To further investigate the potential contribution of additional signaling pathways in feline OSCC, we assessed levels of pAKT/total AKT in the SCCF2 line. The PI3K/AKT/mTOR pathway regulates a diverse set of oncogenic processes including cellular survival, metastasis, angiogenesis and glucose metabolism. This pathway is of particular interest in HNSCC as it is frequently mutated in primary HNSCC tumors [61] and may represent a mechanism of resistance to anti-EGFR therapy [62]. Furthermore, studies on the involution of mammary gland epithelial cells have demonstrated a role for STAT3 in downregulation of PI3K-AKT signaling via STAT3 mediated expression of PI3K regulatory subunits [63]. We observed no upregulation of pAKT following LLL12 treatment, suggesting that STAT3 does not negatively regulate this pathway in feline OSCC and that enhanced AKT activation is not responsible for the observed increase in HIF-1α.
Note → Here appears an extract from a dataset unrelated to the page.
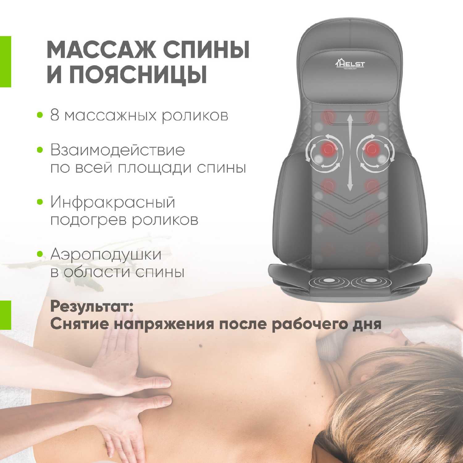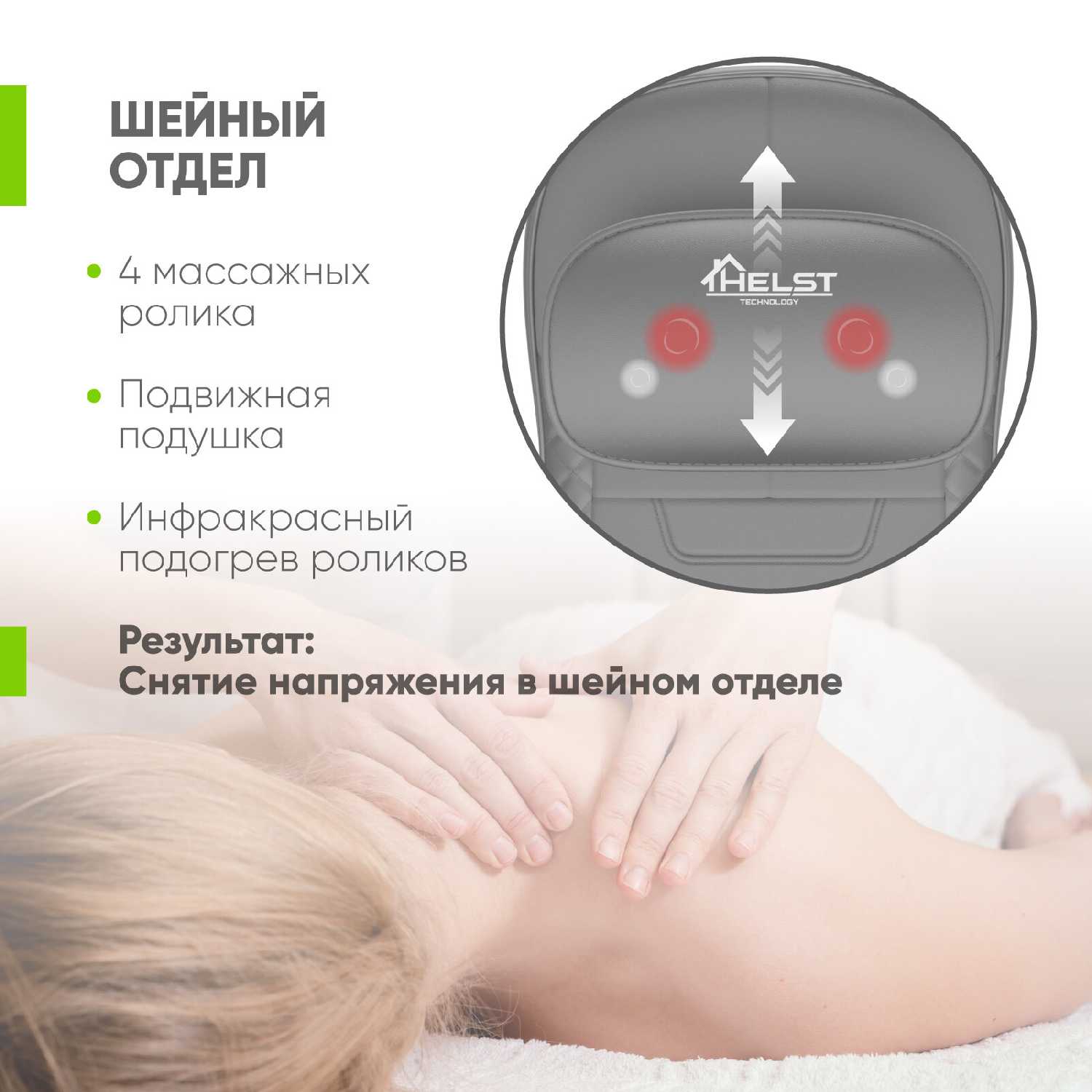 | Зона массажа : | плечи, поясница, спина, шея, ягодицы |

Signaling pathway cross-talk and redundancy may also help explain our unexpected results regarding VEGF, MCL-1 and HIF-1α expression. For example, studies have demonstrated that STAT3 regulates HIF-1α expression through multiple mechanisms including direct activation of gene transcription and promotion of protein stabilization [6466]. In contrast, another study showed that HIF-1α, in cooperation with heat shock protein 90, regulates STAT3 activation and expression in colorectal cancer cells [67]. These findings underscore the complexity of STAT3 signaling pathways. Finally, cellular context may also influence the nature of STAT3 signaling. In contrast to its generally accepted role as an oncogene, a growing number of recent studies have demonstrated a growth suppressive function of pSTAT3 due to its activation of genes that inhibit tumorigenesis, including p21 and members of the FOX family of transcription factors [68]. This is further supported by work in tumor cell lines showing that STAT3 is a negative regulator of tumor growth in certain cancers such as thyroid carcinoma [69]. Although the results of our study are most supportive of growth stimulating role of STAT3 in feline OSCC, the upregulation of STAT3 target genes following LLL12 treatment indicate that STAT3 inhibition may be most effective when used in combination with other therapeutics.

Conclusions

These data demonstrate that LLL12 has biologic activity against a feline OSCC cell line with constitutive STAT3 phosphorylation. In addition, pSTAT3 expression was detected in 48 % of feline OSCC tumor samples, further supporting STAT3 as a potential therapeutic target in this disease. However, LLL12 treatment also resulted in upregulation of several STAT3 transcriptional targets, suggesting that further research into the role of STAT3 in feline OSCC is needed.

Availability of supporting data

All supporting data are included as additional files.